Getting Attention
by Jörn Grote
“I have the solution to the Fermi Paradox,” Takera said.
“You have?” I said with a neutral tone to my voice, not really interested in what he had to say. All I wanted from him was that the fall over. He had reached the state of very very drunk, which was the state in which he was most annoying, but I didn’t know how much longer Takera would last.
“Yes, I told you that I have recently changed jobs. I work now for the SETC,” he said.
“You mean SETI.”
“No, SETC, Search for Extra-Terrestrial Computation. Initial searches have already found about six hundred units of the KSS3 type, and we guess there are many more, not to mention all the KSS2’s and KSS1’s, but those are harder to locate.”
I looked up from my bottle. I’d have to look into SETC. It must have been a very recent development, because I hadn’t yet heard of it. “KSS3?” I asked.
“Yeah, Kardashev type III solid-state civilizations. They utilize the entire energy output of galaxies to power their computations. And they’ve used all the matter of their home galaxy to build a solid-state front. They all probably exist only as uploaded minds any more. No flesh and blood or bones anywhere.”
“That,” I said,” doesn’t solve the Fermi Paradox. If these aliens are all out there, why don’t they come here?”

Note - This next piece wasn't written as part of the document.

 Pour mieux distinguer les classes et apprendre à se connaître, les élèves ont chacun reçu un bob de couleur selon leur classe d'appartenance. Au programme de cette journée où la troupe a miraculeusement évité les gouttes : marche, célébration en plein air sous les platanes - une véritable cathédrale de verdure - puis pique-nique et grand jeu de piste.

“Ha,” Takera said, smiling like the Cheshire Cat from Alice in Wonderland. I wondered if he would vanish if I drank more. “We do not — and by ‘we’ I mean humanity — warrant enough attention.”
“We don’t?” I was surprised. “You mean they don’t like us? None of them does?”

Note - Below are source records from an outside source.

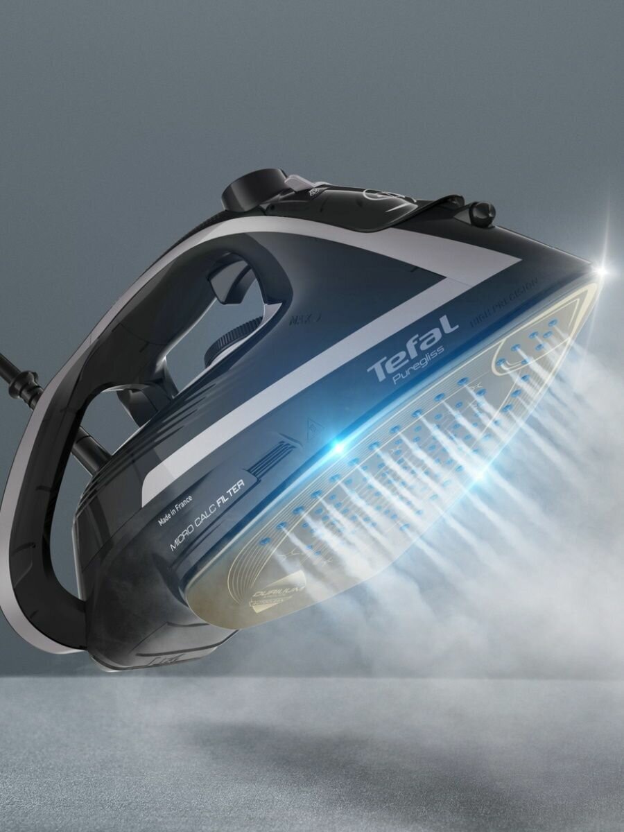 Паровой утюг Tefal Puregliss FV8062E0, с автоотключением, вертикальным отпариванием, защитой от накипи, 3000 Вт, Франция
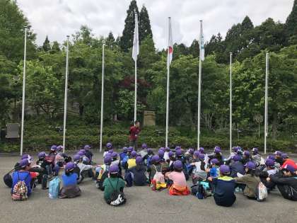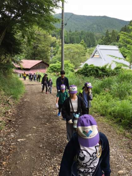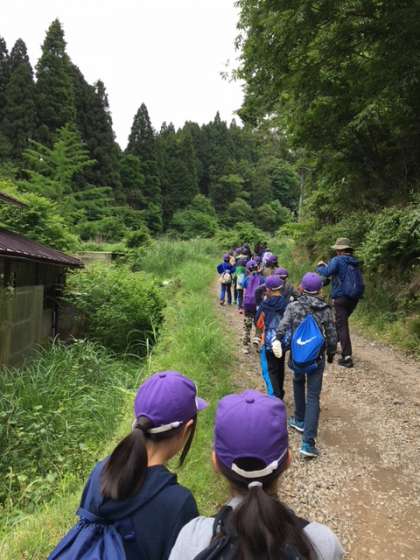 暑すぎず寒すぎず絶好の登山日和になりました。天狗杉に登るにあたっての諸注意を一緒に登ってくださる山の家の方からお話を聞いて,登山を始めます。
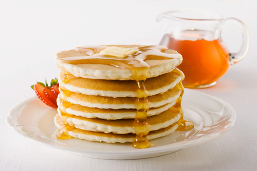 За океаном панкейки - непременная составляющая завтрака. Американцы и канадцы настолько любят свои блины, что многие сети магазинов быстрого питания включили их в меню. Подают панкейки с арахисовым маслом и кленовым сиропом.
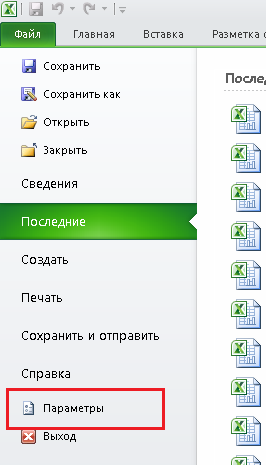 Если же этой кнопки нет, то необходимо включить соответствующую надстройку. Для этого откроем меню файл, и выберем пункт "Параметры":
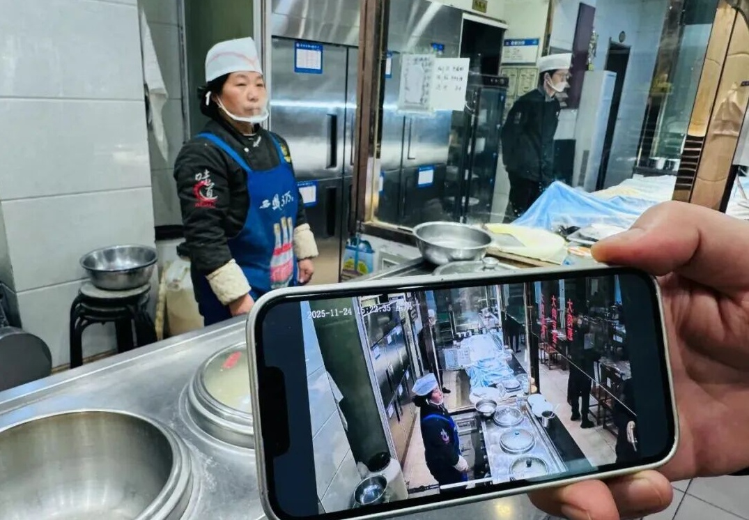 “您有新的美团外卖订单,请及时处理。”11月24日下午,三门峡市渑池县宏胜卤坊李家水饺餐饮店内,接单提示音清脆响起,店主查看小票后迅速安排厨师备餐。与此同时,正在此处组织召开“互联网+AI监管”现场会的渑池县市场监管局工作人员,通过手机APP打开该店外卖点单界面,后厨实时直播画面中,从食材拿取、烹制到装盒的每一个环节都清晰可见,后厨状况一目了然。
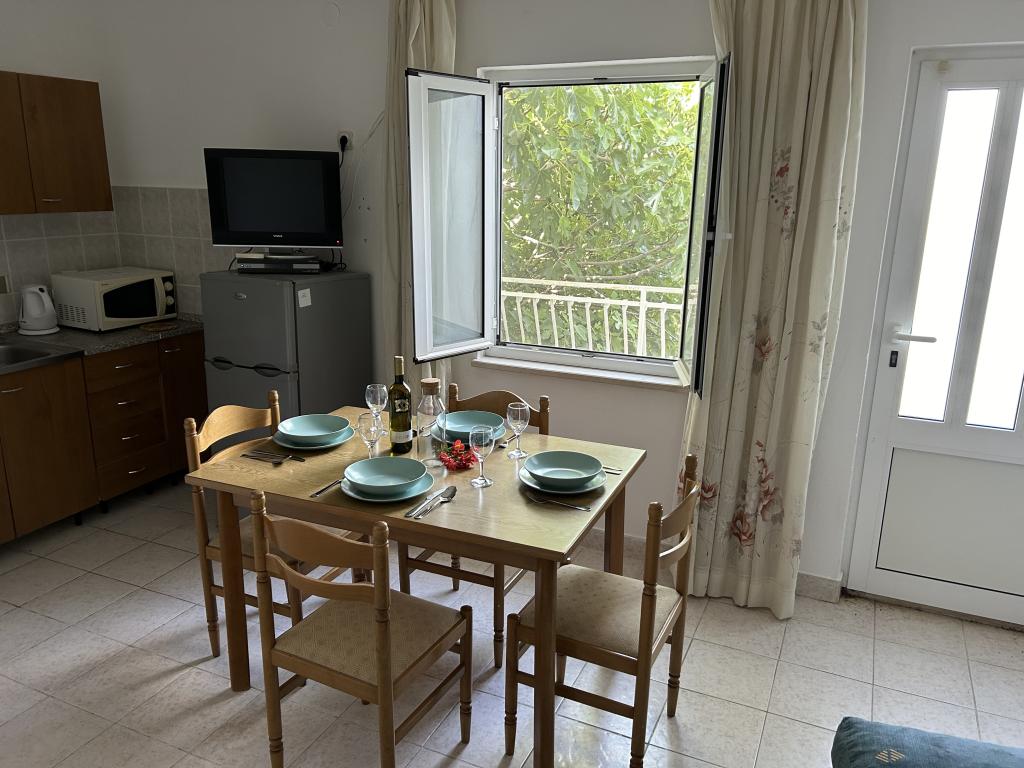 Uživajte u udobnom boravku u srcu Orebića! Smješteni u centru Orebića, samo 120 metara od plaže, Apartmani Terezija nude idealno mjesto za opuštajući odmor na Pelješcu. Svaki od apartmana opremljen je svime što vam je potrebno za ugodan boravak: Klima uređaj za osvježenje u vrućim ljetnim danima TV za zabavu i opuštanje Dnevni boravak s kaučem na rasklapanje za dodatno spavaće mjesto Dobro opremljena kuhinja s blagovaonicom za pripremu ukusnih obroka Vlastitu kupaonicu s tušem i priborom za higijenu Hladnjak, pećnica, ploča za kuhanje i električno kuhalo za jednostavno kuhanje Besplatan Wi-Fi za ostajanje u kontaktu s obitelji i prijateljima Parking ispred kuće za besplatno parkiranje Uz sve ove udobnosti, Apartmani Terezija nude i prekrasan ambijent te prijateljsku atmosferu. Domaćini su vam na raspolaganju za sve informacije i savjete kako biste što više iskoristili boravak u Orebiću i okolici. Rezervirajte svoj apartman danas i iskoristite sve prednosti Apartmana Terezija

“No, no,” Takera shook his head. “Not like that. KSS3 civilizations are driven by an economy of attention. Everything we have they probably have in abundance, and way more advanced: science, technology, art. There are probably countless beginner civilizations out there, begging for attention from the KSS3’s.
“And because they have everything we want, they could easily solve any of our problems with their technology. Immortality and everlasting youth would be easy to achieve with their help.
“But think of their situation. Countless beginner civilizations begging them to come and give them a shred of their attention, yet none has anything the KSS3’s would want. Why should the KSS3’s divert any attention from the problems they are working on, problems we can’t even begin to comprehend, and come here and give us some of their stuff? I bet they have FTL of a sort, but even for them it must have a certain cost in terms of time, space and energy.”
“So there’s nothing we’re doing that will make them come here?” I asked, knowing that Takera already had the answer or at least believed he had.
“Well, there is one thing they don’t have: human drama, death, misery and love. I bet they still like that stuff, no matter how advanced they are, and we can use it to lure them here. We’re what they can’t be anymore, what even their art can’t give them: authentic, finite lives full of drama.”
“But, I objected, “don’t they know that when they arrive here with their stuff, it would end all that? We would become like them? No more drama.”
Takera looked at me. “Hmm,” he said. And again. “Hmm.” Then he fell over, as I had predicted.
I checked him, but he was out cold. I shook my head. “Takera, Takera my friend, the answer to my question is obvious: when the aliens arrive, only a small handful of humans can receive their gifts. Why do you think the world is in the sorry state it is now, despite all the human achievements in the last century?
“Creating human drama is a profession we Men In Black do not take lightly. But soon we will have leached enough knowledge from the Xanadian data uplink on Mars to begin our own KSS3, right here in the Milky Way. Then the future may be evenly distributed among all of us.”